About this exercise »
Could you retype all of the records exactly, leaving out every picture?

Segment Start: Given entries

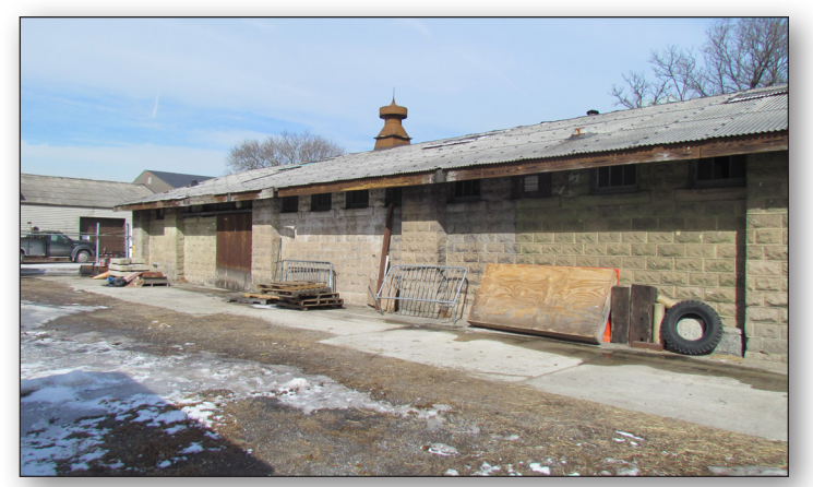
Building 309 at NPS Maintenance Facility, Fort Wadsworth
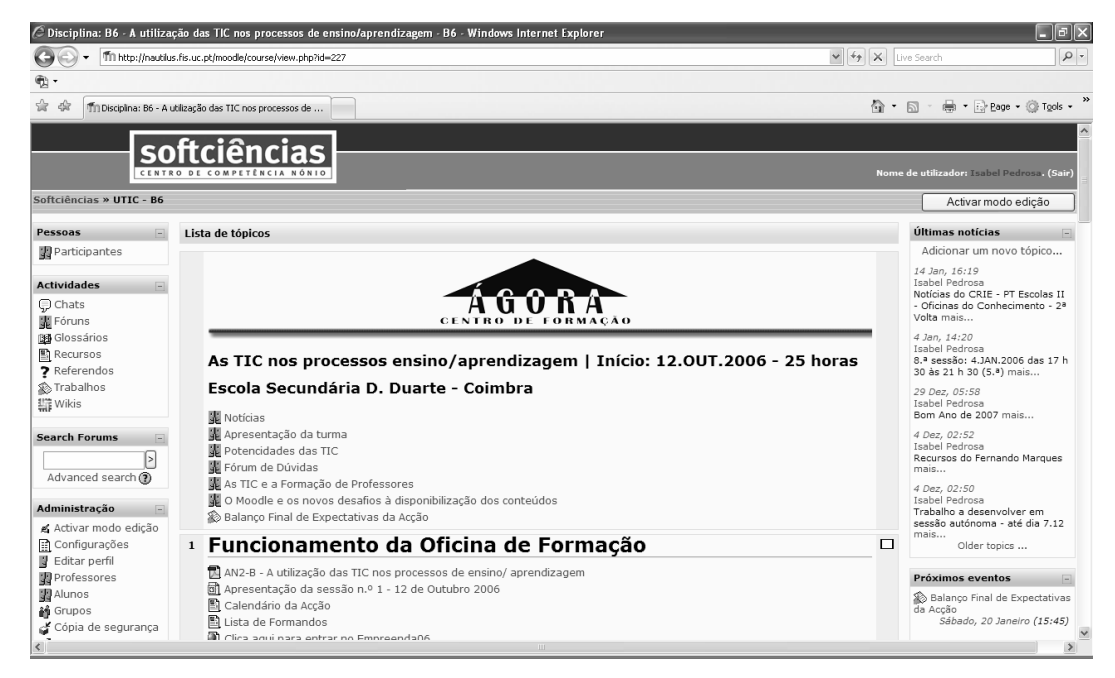
Figure 2. Moodle Course Example. Virtual support to B course-Centro de Formação de Professores Agora – Coimbra, PT (only available in Portuguese language)
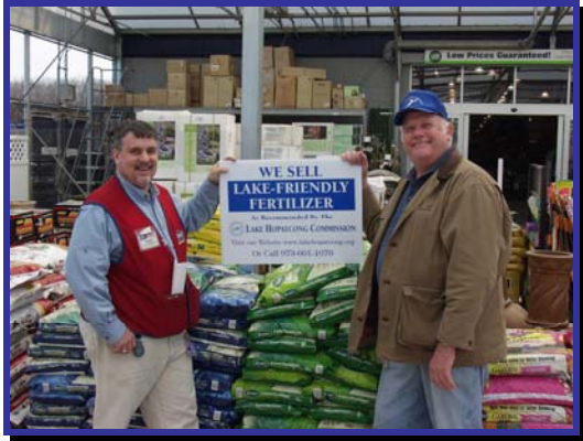
Stores around the Lake Hopatcong Watershed display signs to promote the sale of lake-friendly fertilizer.

Since its creation in 2001, the Lake Hopatcong Commission has partnered with the New Jersey Department of Environmental Protection, the four lakeshore towns and two counties in the watershed and the Commission's environmental consultant, to improve the lake's water quality.
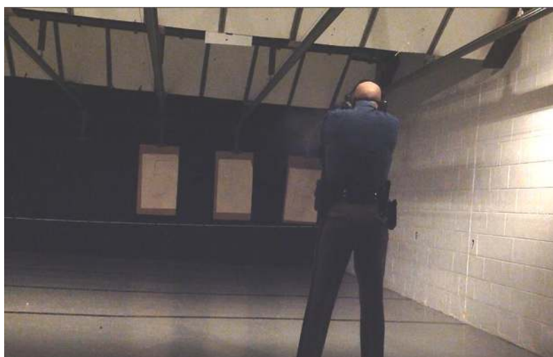
Figure 3. Positive identification task.

Officers wore their standard uniform and duty load throughout all three shooting scenarios to eliminate any variability that load carriage may have on their shooting performance or their physical endurance [18,24,25]. The total score was calculated by adding all three final scores together and dividing the total by three.
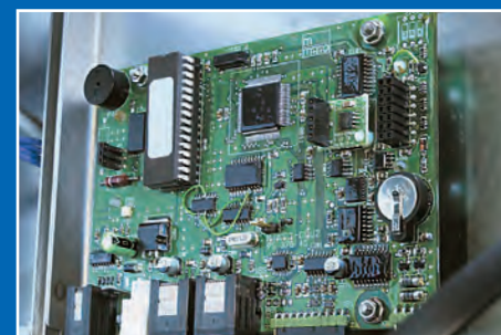
MIKE 2 microprocessor control
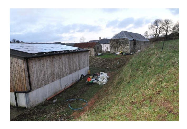
Animal Barn towards the House & Yard January 2020\,
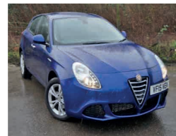
2015 Alfa Romeo Giulietta 1.6 JTDM-2 Progression, VF15 VEA, Blue, 4,000 miles, £15,650. Ex-Demo, 16in 5 Double Spoke Alloys, Electric Windows, Uconnect, Start/Stop, Hill Holder.
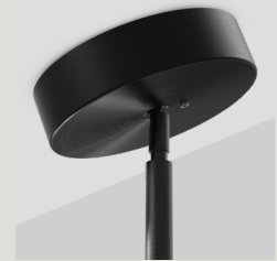
LARGE Ø20MM FIXED SWIVEL CANOPY CAN.ST.170.F20.SW.X-XXX
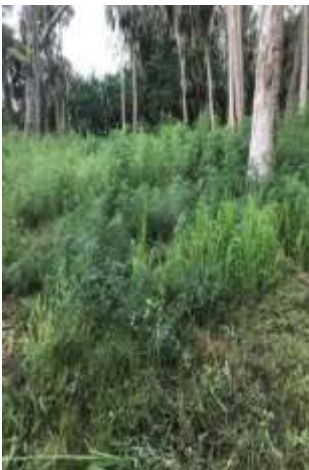
Photo of land area before mowing
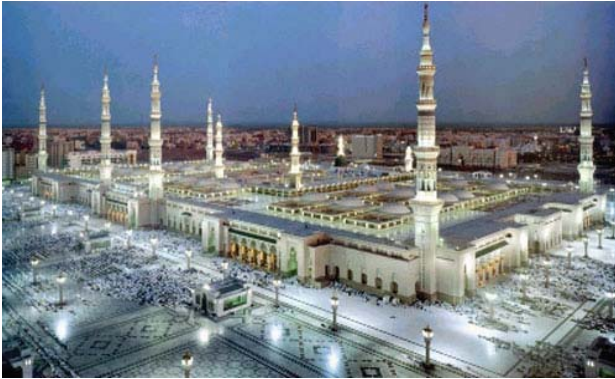
Fig. 1 The feature of Al-Nabi Mosque as the first Islamic construction

to the particular function of the mosque (being a place for worshipping God) but also due what has been mentioned in Koran [13] which has identified a strong and sacred link between architecture and mosque thus making mosque architecture one of the oldest works of Moslems.
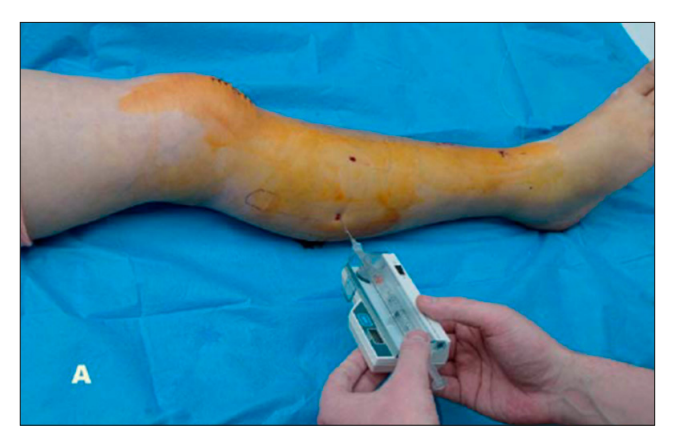
Figure 2. ICP measurement. Lateral compartment [26]

Compartment pressure monitoring. The most useful method in the diagnosis of ACS with which it is possible to obtain the value of the ICP parameter, which determines the correct diagnosis and the necessity for urgent surgical intervention. There are many devices for ICP monitoring, from traditional methods (Whiteside's technique needle manometry) to the use of dedicated ICP monitors with a pressure transducer. In the method described by Whiteside, a needle is inserted into the muscle compartment and saline injected. The air resistance it must overcome is read as pressure by a mercury manometer connected through a tube to the needle [24]. Modern ICP measuring devices are also based during the injection of saline into the muscle compartment, and the pressure is read on the device's screen (Stryker ICP monitoring system) (Fig. 2). The threshold for ACS is considered to be an ICP > 30mmHg. Today, the more commonly used parameter is delta pressure ( \Delta P ), calculated from the formula: diastolic blood pressure - ICP. A value of \Delta P < 30 mmHg is considered the borderline of urgent surgical intervention. The importance of measuring ICP in any compartment, not just the anterior compartment (burdened with the highest probability of ACS), is further emphasized [25].
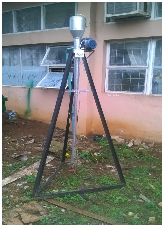
Figure 3 : Developed HHLC machine.

methanol was measured and poured into the beaker. 135.0 g of NaOH pellet was measured using an electronic precision scale (KD-TBE-1200) with a sensitivity of 0.01 g and maximum load of 1200 g and added to the methanol. The content of the beaker was stirred vigorously using Chemglass 135 mm round top analog hot plate stirrer system until the NaOH was completely dissolved in the methanol to form sodium methoxide ( \text{CH}_3\text{ONa} ). The \text{CH}_3\text{ONa} was poured into a stainless bucket containing the preheated oil and stirred using the round top analog hot plate stirrer system at a steady temperature of 60 °C (Thermo-hygrometer (CENTER 315) was used to take the temperature reading of the hot oil). This method has been effectively utilized by Ojolo et al. [18] and Eze et al. [19].
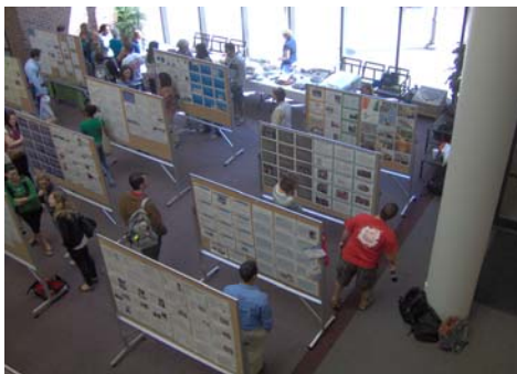
International Showcase posters on Day 1 of the International Health in the School of Nursing Atrium.

Sponsored by the International Affairs Advisory Committee, the Office of International Programs, the Department of Preventive Medicine and Public Health and KU Area Studies Centers, the second annual KUMC International Health Week was held 11-14 April 2011.
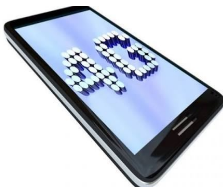
fig.5: 4g mobile phone

The basic feature of 3G Technology is fast data transfer rates. However this feature is not currently working. properly because, ITU 200 is still making decision to fix the data rates. Network authentication has won the trust of users, because the user can rely on its network as a reliable source of transferring data. . 4G is a conceptual framework and a discussion point to address future needs of a high speed wireless network. It is expected to emerge around 2010 – 2015. 4G should be able to provided very smooth global roaming ubiquitously with lower cost.
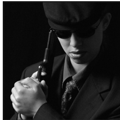
challenge: DPC Cinema score: 5.627 - place: 90/200

Five point five?!? It’s not stunning work, but I thought I’d at least see a low 6.
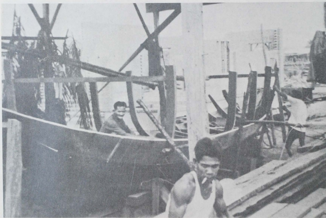
Fig. 7 - Typical construction methods for popular type of fishing boat (Phan Thiet).
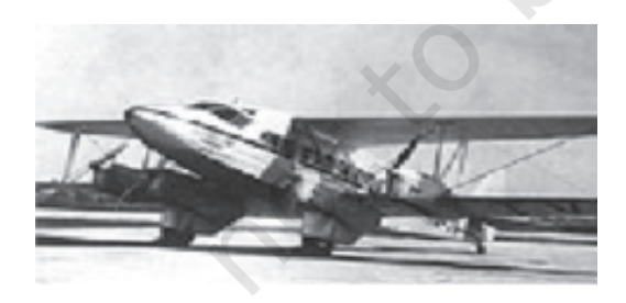
Fig.1.5 Tata Airlines, a division of Tata and Sons, was established in 1932 inaugurating the aviation sector in India

Along with the development of roads and railways, the colonial dispensation also took measures for developing the inland trade and sea lanes. However, these measures were far from satisfactory. The inland waterways, at times, also proved uneconomical as in the case of the Coast Canal on the Orissa coast. Though the canal was built at a huge
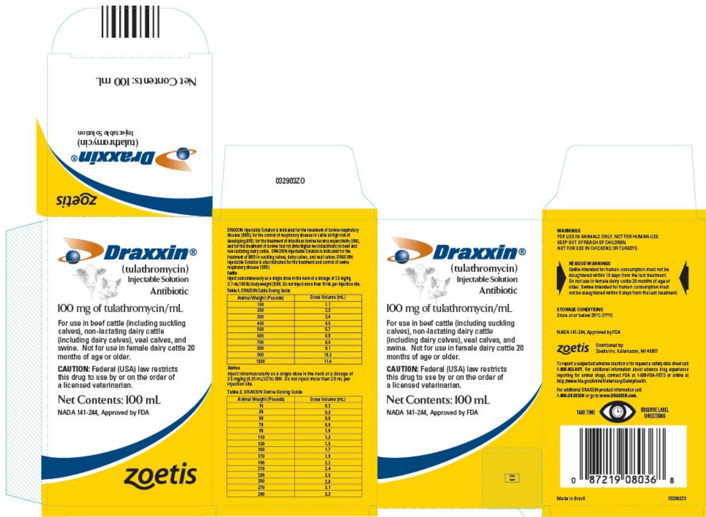
100 mL Carton Label Draxxin made in Brazil
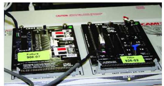
Cable Eye Testing
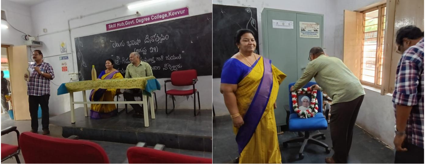
Telugu Language Day — Aug 29th

On 29th August, GDC Kovvur observed Telugu Language Day to honor the birth anniversary of Sri Gidugu Venkata Ramamurthy, a pioneering linguist and social reformer. All staff and students participated in the programme.

Segment End: Given entries

Output of the task »
Building 309 at NPS Maintenance Facility, Fort Wadsworth
Figure 2. Moodle Course Example. Virtual support to B course-Centro de Formação de Professores Agora – Coimbra, PT (only available in Portuguese language)
Stores around the Lake Hopatcong Watershed display signs to promote the sale of lake-friendly fertilizer.

Since its creation in 2001, the Lake Hopatcong Commission has partnered with the New Jersey Department of Environmental Protection, the four lakeshore towns and two counties in the watershed and the Commission's environmental consultant, to improve the lake's water quality.
Figure 3. Positive identification task.

Officers wore their standard uniform and duty load throughout all three shooting scenarios to eliminate any variability that load carriage may have on their shooting performance or their physical endurance [18,24,25]. The total score was calculated by adding all three final scores together and dividing the total by three.
MIKE 2 microprocessor control
Animal Barn towards the House & Yard January 2020\,
2015 Alfa Romeo Giulietta 1.6 JTDM-2 Progression, VF15 VEA, Blue, 4,000 miles, £15,650. Ex-Demo, 16in 5 Double Spoke Alloys, Electric Windows, Uconnect, Start/Stop, Hill Holder.
LARGE Ø20MM FIXED SWIVEL CANOPY CAN.ST.170.F20.SW.X-XXX
Photo of land area before mowing
Fig. 1 The feature of Al-Nabi Mosque as the first Islamic construction

to the particular function of the mosque (being a place for worshipping God) but also due what has been mentioned in Koran [13] which has identified a strong and sacred link between architecture and mosque thus making mosque architecture one of the oldest works of Moslems.
Figure 2. ICP measurement. Lateral compartment [26]

Compartment pressure monitoring. The most useful method in the diagnosis of ACS with which it is possible to obtain the value of the ICP parameter, which determines the correct diagnosis and the necessity for urgent surgical intervention. There are many devices for ICP monitoring, from traditional methods (Whiteside's technique needle manometry) to the use of dedicated ICP monitors with a pressure transducer. In the method described by Whiteside, a needle is inserted into the muscle compartment and saline injected. The air resistance it must overcome is read as pressure by a mercury manometer connected through a tube to the needle [24]. Modern ICP measuring devices are also based during the injection of saline into the muscle compartment, and the pressure is read on the device's screen (Stryker ICP monitoring system) (Fig. 2). The threshold for ACS is considered to be an ICP > 30mmHg. Today, the more commonly used parameter is delta pressure ( \Delta P ), calculated from the formula: diastolic blood pressure - ICP. A value of \Delta P < 30 mmHg is considered the borderline of urgent surgical intervention. The importance of measuring ICP in any compartment, not just the anterior compartment (burdened with the highest probability of ACS), is further emphasized [25].
Figure 3 : Developed HHLC machine.

methanol was measured and poured into the beaker. 135.0 g of NaOH pellet was measured using an electronic precision scale (KD-TBE-1200) with a sensitivity of 0.01 g and maximum load of 1200 g and added to the methanol. The content of the beaker was stirred vigorously using Chemglass 135 mm round top analog hot plate stirrer system until the NaOH was completely dissolved in the methanol to form sodium methoxide ( \text{CH}_3\text{ONa} ). The \text{CH}_3\text{ONa} was poured into a stainless bucket containing the preheated oil and stirred using the round top analog hot plate stirrer system at a steady temperature of 60 °C (Thermo-hygrometer (CENTER 315) was used to take the temperature reading of the hot oil). This method has been effectively utilized by Ojolo et al. [18] and Eze et al. [19].
International Showcase posters on Day 1 of the International Health in the School of Nursing Atrium.

Sponsored by the International Affairs Advisory Committee, the Office of International Programs, the Department of Preventive Medicine and Public Health and KU Area Studies Centers, the second annual KUMC International Health Week was held 11-14 April 2011.
fig.5: 4g mobile phone

The basic feature of 3G Technology is fast data transfer rates. However this feature is not currently working. properly because, ITU 200 is still making decision to fix the data rates. Network authentication has won the trust of users, because the user can rely on its network as a reliable source of transferring data. . 4G is a conceptual framework and a discussion point to address future needs of a high speed wireless network. It is expected to emerge around 2010 – 2015. 4G should be able to provided very smooth global roaming ubiquitously with lower cost.
challenge: DPC Cinema score: 5.627 - place: 90/200

Five point five?!? It’s not stunning work, but I thought I’d at least see a low 6.
Fig. 7 - Typical construction methods for popular type of fishing boat (Phan Thiet).
Fig.1.5 Tata Airlines, a division of Tata and Sons, was established in 1932 inaugurating the aviation sector in India

Along with the development of roads and railways, the colonial dispensation also took measures for developing the inland trade and sea lanes. However, these measures were far from satisfactory. The inland waterways, at times, also proved uneconomical as in the case of the Coast Canal on the Orissa coast. Though the canal was built at a huge
100 mL Carton Label Draxxin made in Brazil
Cable Eye Testing
Telugu Language Day — Aug 29th

On 29th August, GDC Kovvur observed Telugu Language Day to honor the birth anniversary of Sri Gidugu Venkata Ramamurthy, a pioneering linguist and social reformer. All staff and students participated in the programme.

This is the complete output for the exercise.